The silhouette score is a measure of how similar an object is to its own cluster (cohesion) compared to other clusters (separation).
is is defined as follows:

$$s(p) = \frac{b(p) - a(p)}{max(a(p), b(p))}$$

where:
* $a(p)$ is the average distance of p to all other points in the *same* cluster
* $b(p)$ is the average distance of p to all other points in the *closest* cluster
* $s(p)$ is the silhouette score of p
* $max(a(p), b(p))$ is the maximum of $a(p)$ and $b(p)$

The silhouette can be interpreted as follows:
* $s(p)$ is between -1 and 1
* $s(p)$ is close to 1 if $a(p) << b(p)$, i.e. the point is well clustered
* $s(p)$ is close to 0 if $a(p) \approx b(p)$, i.e. the point is on the border of the cluster
* $s(p)$ is close to -1 if $a(p) >> b(p)$, i.e. the point is in the wrong cluster

In [None]:
# make kmeans clustering of the original data

n_clusters_arr = np.arange(2, 11)


s_s_arr = [] 
ch_s_arr = []
db_s_arr = []

for n_clusters in tqdm(n_clusters_arr):
    cm = plt.cm.get_cmap('tab20b', n_clusters)
    plt.rcParams['axes.prop_cycle'] = plt.cycler(color=cm.colors)

    kmeans = KMeans(n_clusters=n_clusters, n_init=10, max_iter=500)
    classes = kmeans.fit_predict(x)
    centroids = kmeans.cluster_centers_

    silhouette_values = silhouette_samples(x, classes)


    fig, ax = plt.subplots(1,2,figsize=(15,5))

    n_points = len(x)
    cluster_y_min = 0
    ofs = int(n_points / 20)
    for cluster_idx, cluster_class in enumerate(np.unique(classes)):
        cluster_silhouette_values = silhouette_values[classes == cluster_class]
        cluster_silhouette_values.sort()

        cluster_size = len(cluster_silhouette_values)
        cluster_y_max = cluster_y_min + cluster_size

        ax[0].barh(range(cluster_y_min, cluster_y_max), cluster_silhouette_values, height=1.0, linewidth=0)
        ax[0].text(-0.05, (cluster_y_min + cluster_y_max) / 2, str(cluster_idx), ha='center', va='center')
        cluster_mean_score = np.mean(cluster_silhouette_values)
        ax[0].text(0.1, (cluster_y_min + cluster_y_max) / 2, f'{cluster_mean_score:.3f}', ha='center', va='center')

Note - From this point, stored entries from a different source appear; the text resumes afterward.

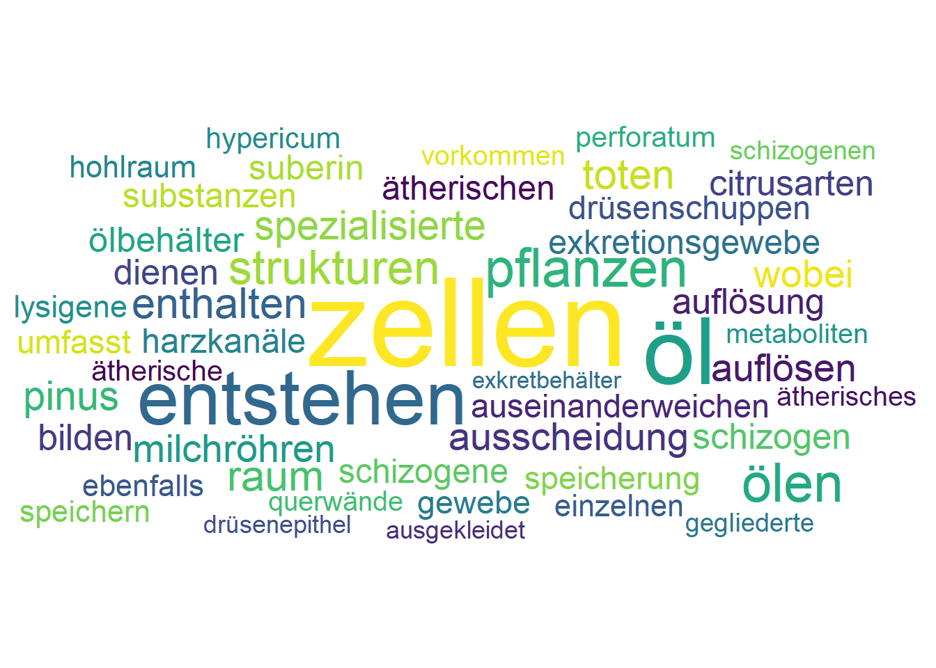 Die Auflösung von Zellen führt zur Freisetzung von ätherischen Ölen, die dann in den entstandenen Hohlräumen gespeichert werden. Die umliegenden Zellen übernehmen die Sekretionsfunktion und sorgen für die Produktion und Aufrechterhaltung der ätherischen Öle.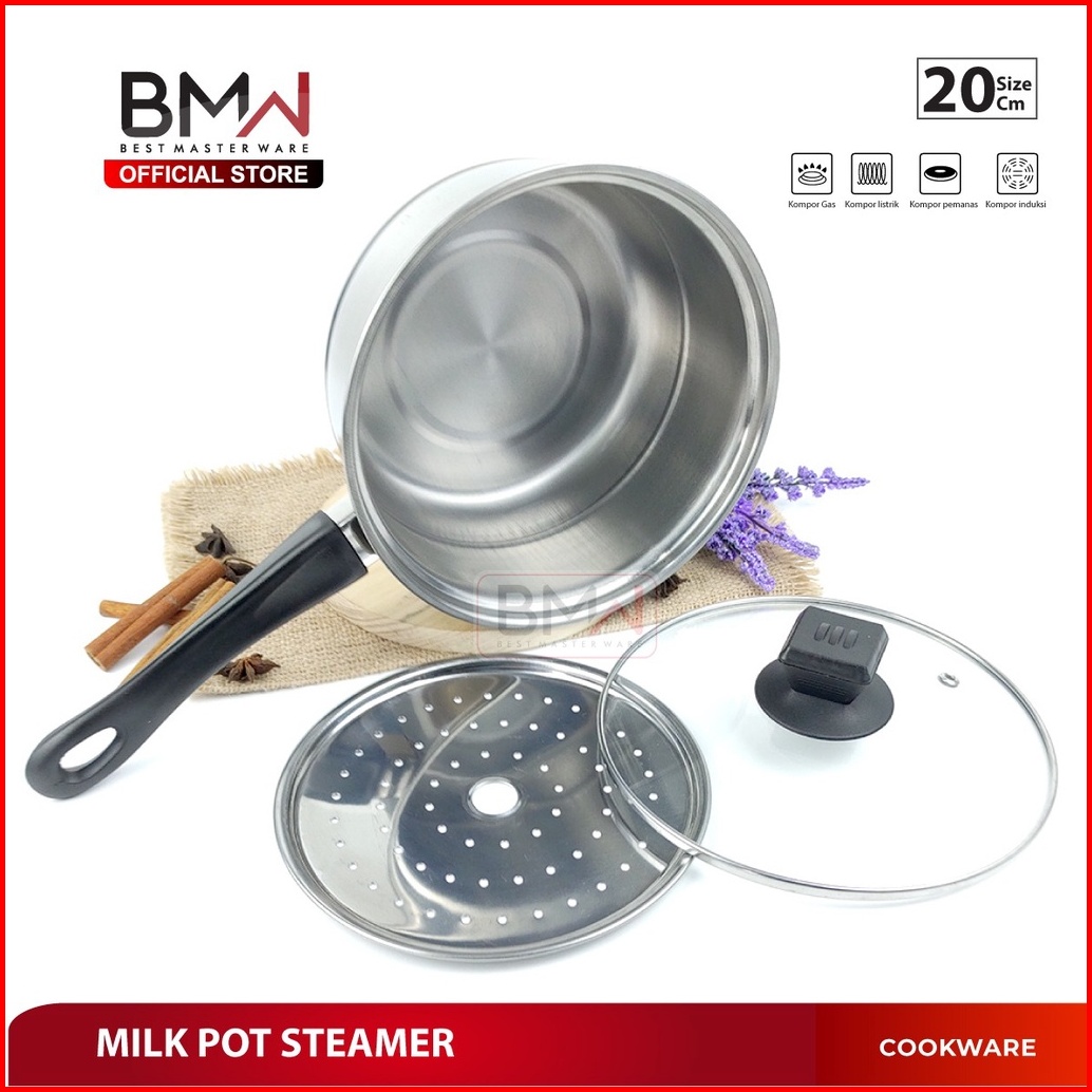 Bmw Kitchen Ware - Panci Susu Stainless Steel Panci Kukus Milk Pot Mpasi Steamer 20 Cm Panci Soup Pot Tebal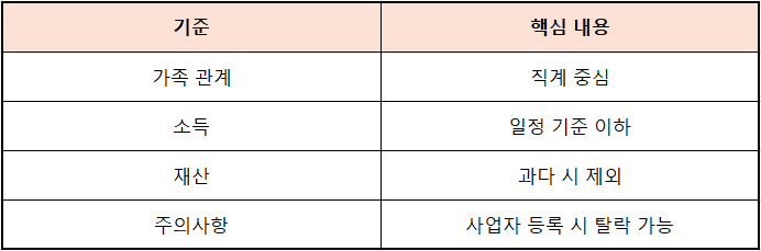 모든 가족이 피부양자가 되는 것은 아닙니다.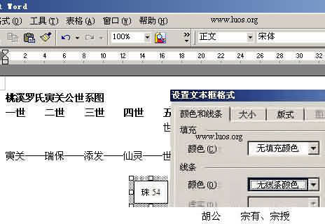 注意:这一步是基础,一定要把上下关系(辈序)弄准确,在保证上下、左右关系清楚前提下,尽可能排列紧凑,以缩小最后形成图片的个头。 难点:当横线上要标明代数等时,要这样做:选择“插入\文本框”,输入文字后,把鼠标指向文本框的边,当鼠标变成十字形黑色箭头的状态下,右击鼠标选择“设置文本框格式”,然后点“颜色和与线条”,在颜色下选“无填充颜色”,在线条下选“无线条颜色”。然后,将文本框放到横线上即成(也可以另做成小图片,最后粘贴上去)。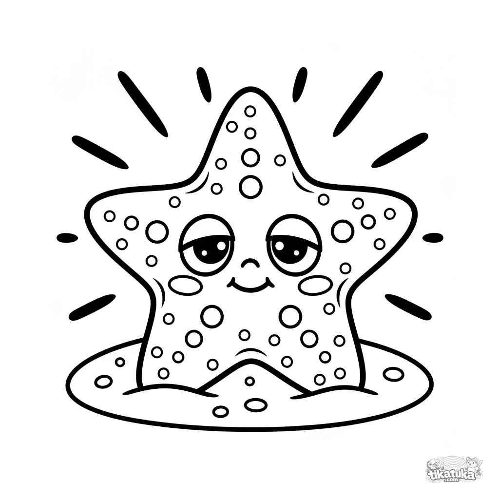 Página para colorear simple y linda de una estrella de mar descansando en arena caliente al sol. Formas muy simples para niños pequeños de 2-3 años.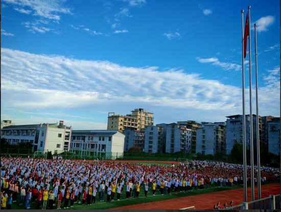 全體師生齊聚操場,舉行了主題升旗儀式,五星紅旗冉冉升起,莊嚴(yán)的國歌聲響徹校園。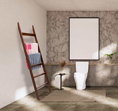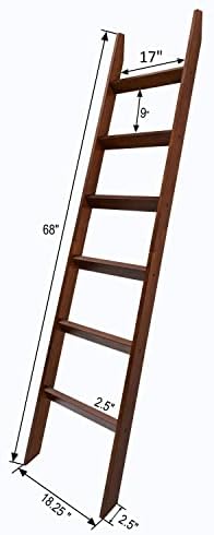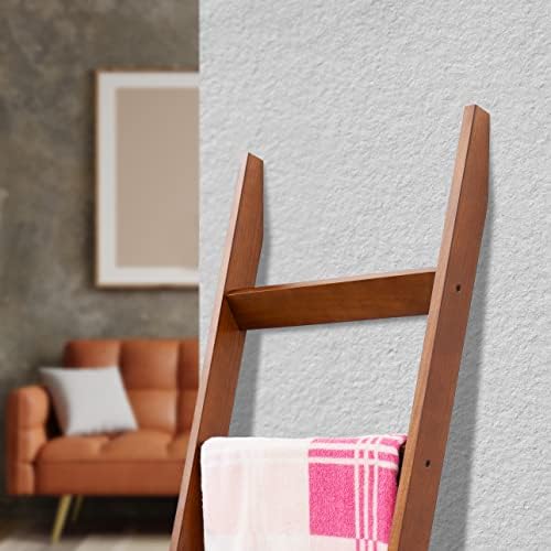 VASGOR 68" Blanket Ladder Wooden Decorative, Wall Leaning Blanket Holder Rack (Brown)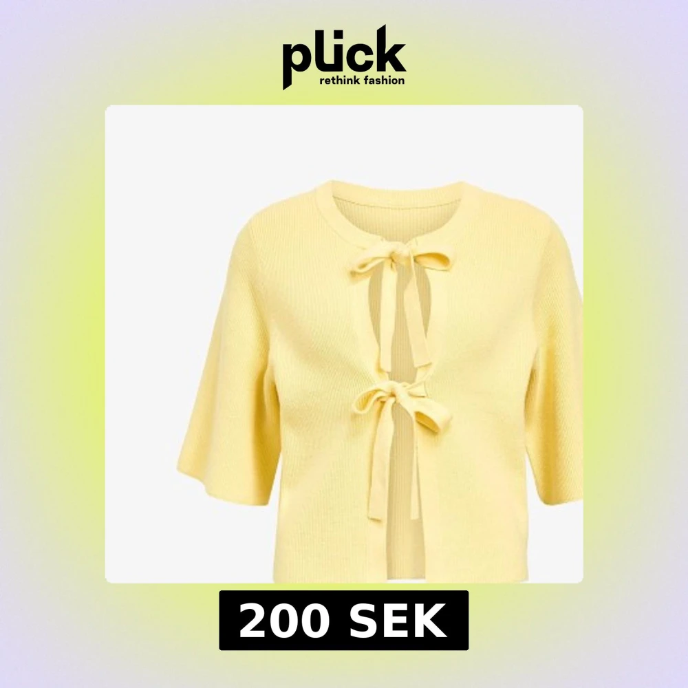 Superfin ljusgul kofta i ribbstickad bomull med två knytband framtill. Koftan har trekvartsärmar och en croppad passform som ger en fräsch och trendig look. Perfekt att slänga över ett linne eller klänning för en söt vibe.nypris 599kr. Ny , bara testad.

        cluster_y_min = cluster_y_max + ofs

    mean_score = np.mean(silhouette_values)
    ax[0].axvline(x=mean_score, color='red', linestyle='--')
    ax[0].set_title(f'Silhouette score')
    ax[0].set_xlabel('Silhouette score')
    ax[0].set_ylabel('Sample/Cluster')
    ax[0].set_yticks([])
    ax[0].set_xlim([-0.1, 1])


    # plot the centroids and 2D scatter plot of the umap_2d data
    ax[1].scatter(x_umap_2d[:, 0], x_umap_2d[:, 1], c=classes, alpha=0.1, cmap=cm)
    # get centroids in umap space
    centroids_umap = umap_2d.transform(centroids)
    ax[1].scatter(centroids_umap[:, 0], centroids_umap[:, 1], c='red', s=100, marker='x')
    ax[1].set_title('Scatter plot of the UMAPed data with centroids')

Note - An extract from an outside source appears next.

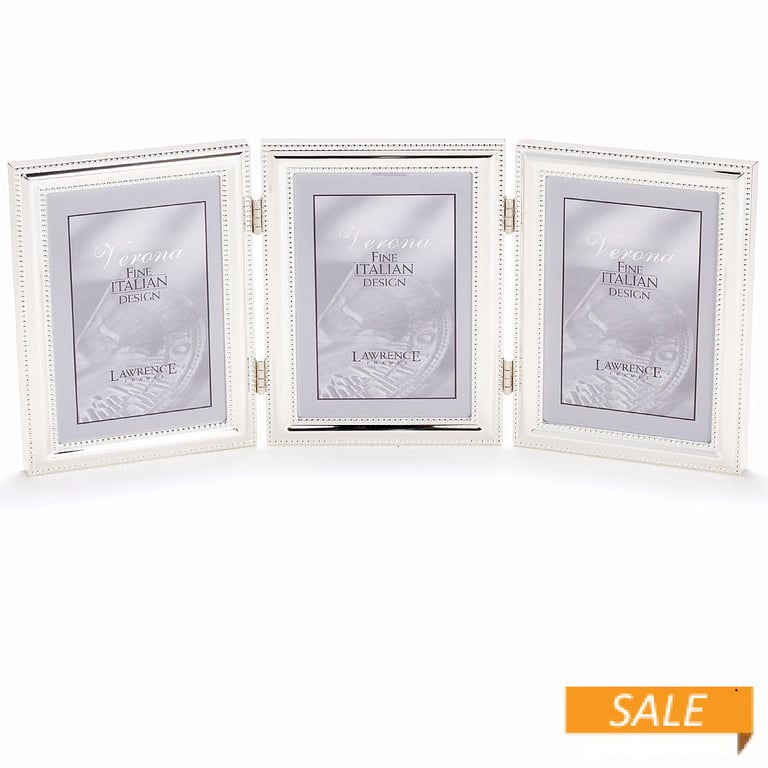 Product Details Lawrence Frames® Polished Silver Hinged 4x5 TRIPLE w/double caviar-bead trim — Our hinged silver plate frame is a beautifully crafted desk piece with invisible seams and corners.Double 'caviar bead' trim border finishes the piece with excellent detail. Attractively backed with high quality navy-blue velvet for wonderful desk appeal.Glare resistant glass lenses. Brass hinges for smooth closing.We often recommend this frame for easy gift giving since customers tell us they enjoy the quality, detail look.Produced by Lawrence®. Polished Silver Hinged 4x5 TRIPLE w/double caviar-bead trim Model #48065207 List $60.00 You pay $37.90 In stock Ships next business day [?] Your Price Match is Active Your request for a price of $0.00 for a minimum quantity of has been accepted. You have [time] left to purchase this item for $0.00 instead of $37.90 each. Find a Lower Price? We BEAT All Authorized Retailers [?] FEATURESDisplays:4"x5"Material:SilverplateFinish:SilverOccasion:Anniversary, Birthday, Good luck, Graduation, Mother`s Day, Retirement, Romantic, Thank-Motivate-Reward, Celebrating Travels, WeddingStyle:Antique, Classic, Traditional, RomanticOrientation:Vertical OnlyBrand:Lawrence Frames®Display Type:Desktop or Wall This item ships in its own box SHARE THIS ITEM Share on Facebook

    s_s = silhouette_score(x, classes)
    ch_s = calinski_harabasz_score(x, classes)
    db_s = davies_bouldin_score(x, classes)
    
    s_s_arr.append(s_s)
    ch_s_arr.append(ch_s)
    db_s_arr.append(db_s)
    
    plt.suptitle(f'Silhouette plot for {n_clusters} clusters, mean score: {mean_score:.3f}, silhouette score: {s_s:.3f}, calinski harabasz score: {ch_s:.3f}, davies bouldin score: {db_s:.3f}')
    psc()
    
    
fig, ax = plt.subplots(1, 3, figsize=(10, 2.5))
ax[0].plot(n_clusters_arr, s_s_arr)
ax[0].set(xlabel='Number of clusters', ylabel='Score', title='Silhouette score', ylim=[-0.1, 1])
ax[1].plot(n_clusters_arr, ch_s_arr)
ax[1].set(xlabel='Number of clusters', title='Calinski Harabasz score')
ax[2].plot(n_clusters_arr, db_s_arr)
ax[2].set(xlabel='Number of clusters', title='Davies Bouldin score')
psc()

Silhouette score is a measure of how similar an object is to its own cluster (cohesion) compared to other clusters (separation), higher is better.

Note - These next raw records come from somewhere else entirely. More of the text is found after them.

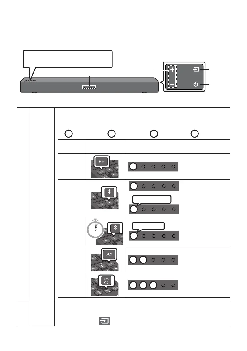The LED Indicator ashes, glows, or changes colour depending on the Soundbar's current
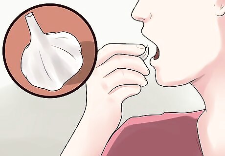 Eat garlic. Garlic may help keep your cholesterol levels at a reasonable number. It's possible it can slightly reduce cholesterol levels without causing any side effects, in addition to possibly preventing blood clots, reducing blood pressure, and protecting against infections. Although it is best to take it in raw form, it is equally efficacious in other forms like pickles. Next time you hit the supermarket, pick up a tub of freshly peeled garlic cloves, and challenge yourself to make sure it's gone before the "best by" date. Chop up and toss on pizza, in soups, or on side dishes.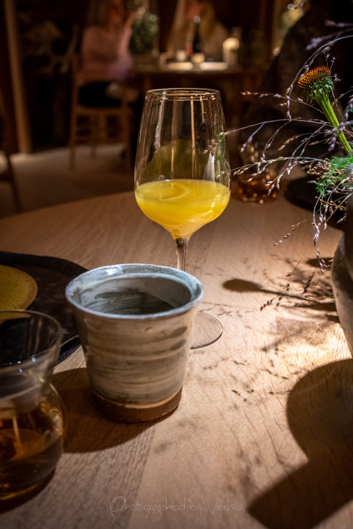 Wine Pairing - 2020 Le Rayon Blanc - Tomas Puechavy, Nazelles-Negron, Loire, France. Juice Pairing - Quice, koji & saffron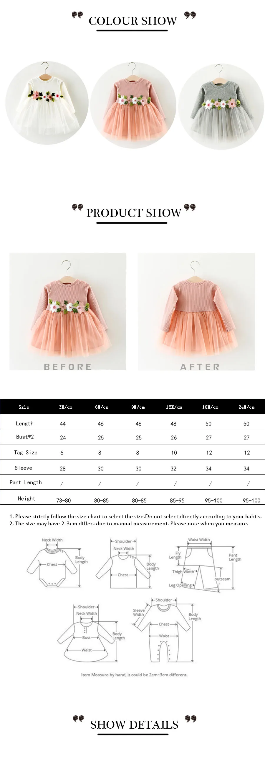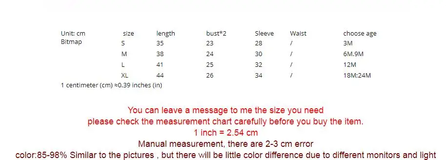 size dress bust*2 sleeve S=3M 6M 35cm 27cm 30cm M=9M 12M 37cm 28cm 32cm L =18M 38cm 28cm 33cm XL=24M 40cm 29cm 33cm You can leave a message to me the size you need please check the measurement chart carefully before you buy the item. 1 inch = 2.54 cm…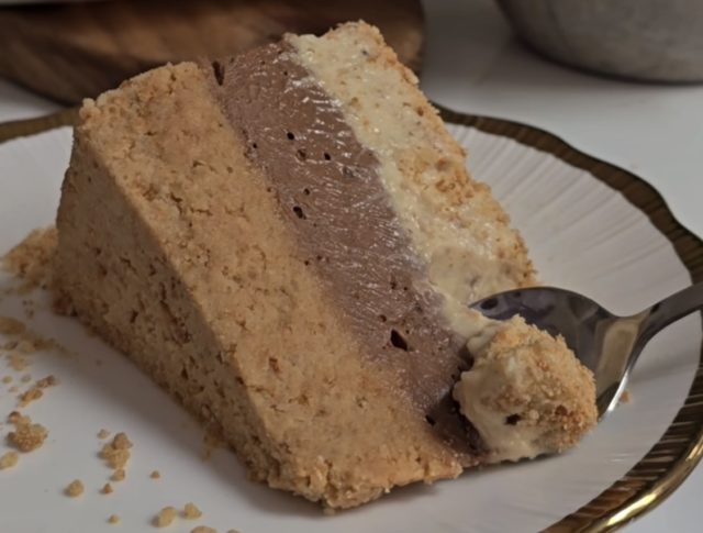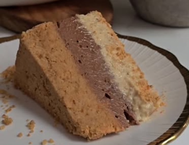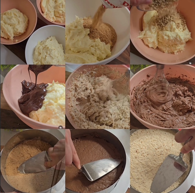 8. Во калап со дијаметар од 22 см, наредете ги слоевите во следниот редослед: прво смесата со мелен бисквит, потоа смесата со чоколадо и на крај смесата со ореви и бисквит.

Calinski Harabasz score is a measure of how dense the clusters are, higher is better.

Davies Bouldin score is a measure of how similar the clusters are, lower is better.

In [None]:
# make kmeans clustering of the umapped data

n_clusters_arr = np.arange(2, 11)
s_s_arr = [] 
ch_s_arr = []
db_s_arr = []

for n_clusters in tqdm(n_clusters_arr):
    cm = plt.cm.get_cmap('tab20b', n_clusters)
    plt.rcParams['axes.prop_cycle'] = plt.cycler(color=cm.colors)

    kmeans = KMeans(n_clusters=n_clusters, n_init=10, max_iter=500)
    classes = kmeans.fit_predict(x_umap_2d)
    centroids = kmeans.cluster_centers_

    silhouette_values = silhouette_samples(x_umap_2d, classes)


    fig, ax = plt.subplots(1,2,figsize=(15,5))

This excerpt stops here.